Burr räusperte sich und mühte sich weiter voran. »Bethod hält die Festung von Dunbrec.« Die Spitze seines Stocks tippte auf ein schwarzes Sechseck. »Die wiederum liegt an einer Stelle, an der sie die einzige nennenswerte Straße kontrolliert, die aus Angland hinausführt, und zwar an der Furt über die Weißflut, unserer Grenze zum Nordland. Die Straße führt von Westen auf die Festung zu und zieht sich in Richtung Osten durch ein breites Tal, das von zwei bewaldeten Hügelkämmen eingefasst wird. Der Großteil von Bethods Truppen lagert in der Nähe der Festung, aber er plant einen Angriff weiter östlich an der Straße, sobald wir uns dort zeigen.« Burrs Stock tänzelte an der dunklen Linie entlang und fuhr mit einem feinen Zischen über das schwere Papier. »Das Tal, durch das die Straße verläuft, ist größtenteils offen und nur mit Gras, ein wenig Ginster und niedrigem Gebüsch bewachsen. Daher hat er reichlich Platz, um sich eine geeignete Stellung zu suchen.« Er wandte sich nun an die versammelten Offiziere, den Stock fest in der Hand, und stützte sich mit geballten Fäusten auf den Tisch, der vor ihm stand. »Ich beabsichtige, in seine Falle hineinzutappen. Oder zumindest … den Anschein zu erwecken.

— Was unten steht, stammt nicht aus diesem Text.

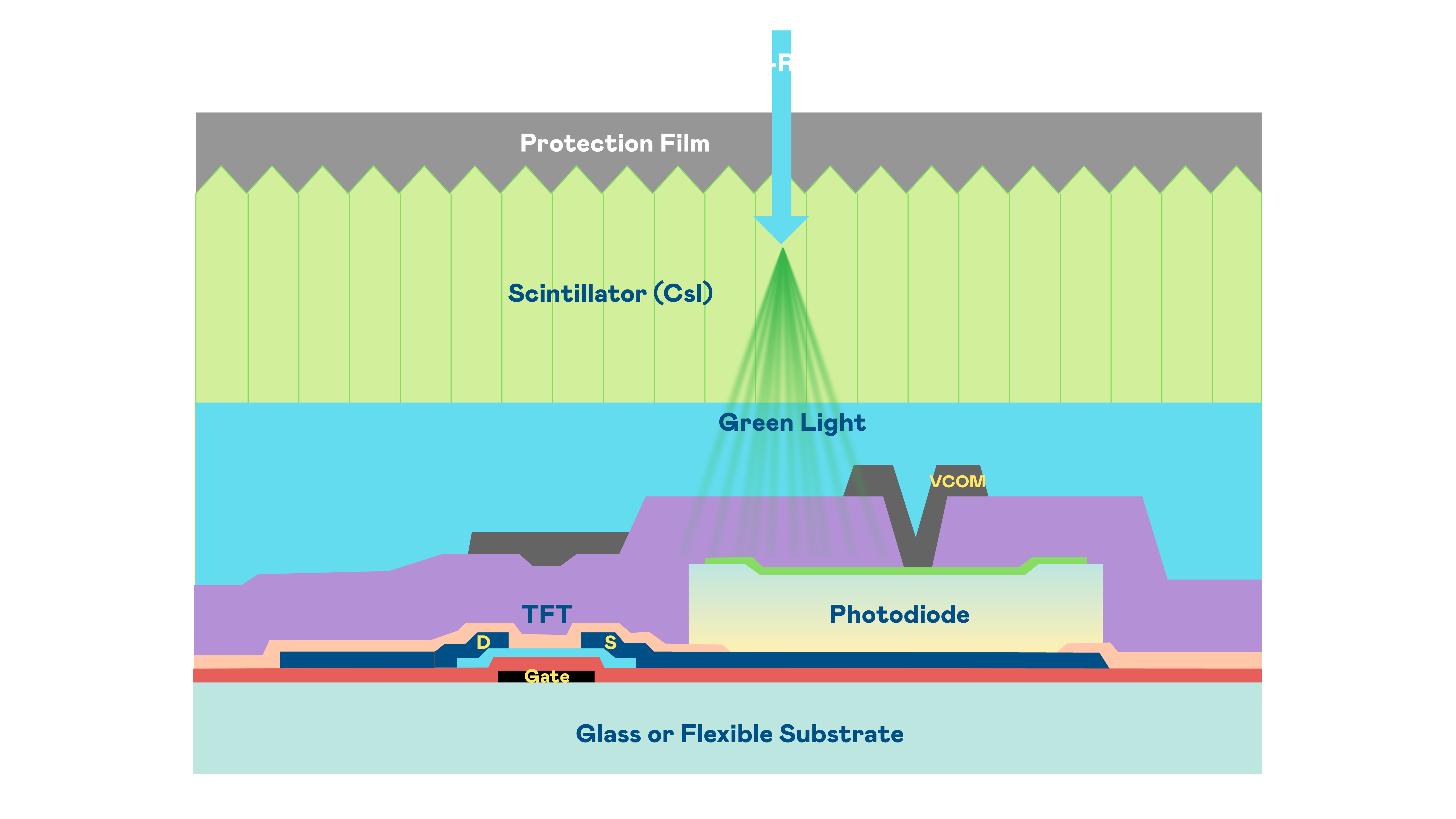 狮子会的X光影像感测阵列使用薄膜电晶体 (TFT) 作为每个像素的读取开关,搭配光电二极体(Photodiode)的光电转换元件,用以感测X光影像讯号。

General Kroy?«

Kroy hörte endlich damit auf, West mit bösen Blicken zu bedenken, und antwortete missvergnügt: »Ja, Herr Marschall?«

»Ihre Division wird die Straße entlangmarschieren und sich stetig ostwärts auf die Festung zubewegen, um Bethod dazu zu verleiten, mit dem Angriff zu beginnen. Sie rücken langsam und stetig vor und verzichten dabei auf irgendwelche Heldenstückchen. General Poulder wird sich währenddessen durch die Bäume oben auf dem nördlichen Hügelkamm schlagen, und zwar hier«, er tippte auf einige grüne Markierungen, die den bewaldeten Bergrücken darstellten, »ein Stück vor der Position von General Kroy.«

»Ein Stück vor der Position von General Kroy«, wiederholte Poulder grinsend, als habe man ihm gerade eine besondere Gunst erwiesen. Kroy verzog verärgert das Gesicht.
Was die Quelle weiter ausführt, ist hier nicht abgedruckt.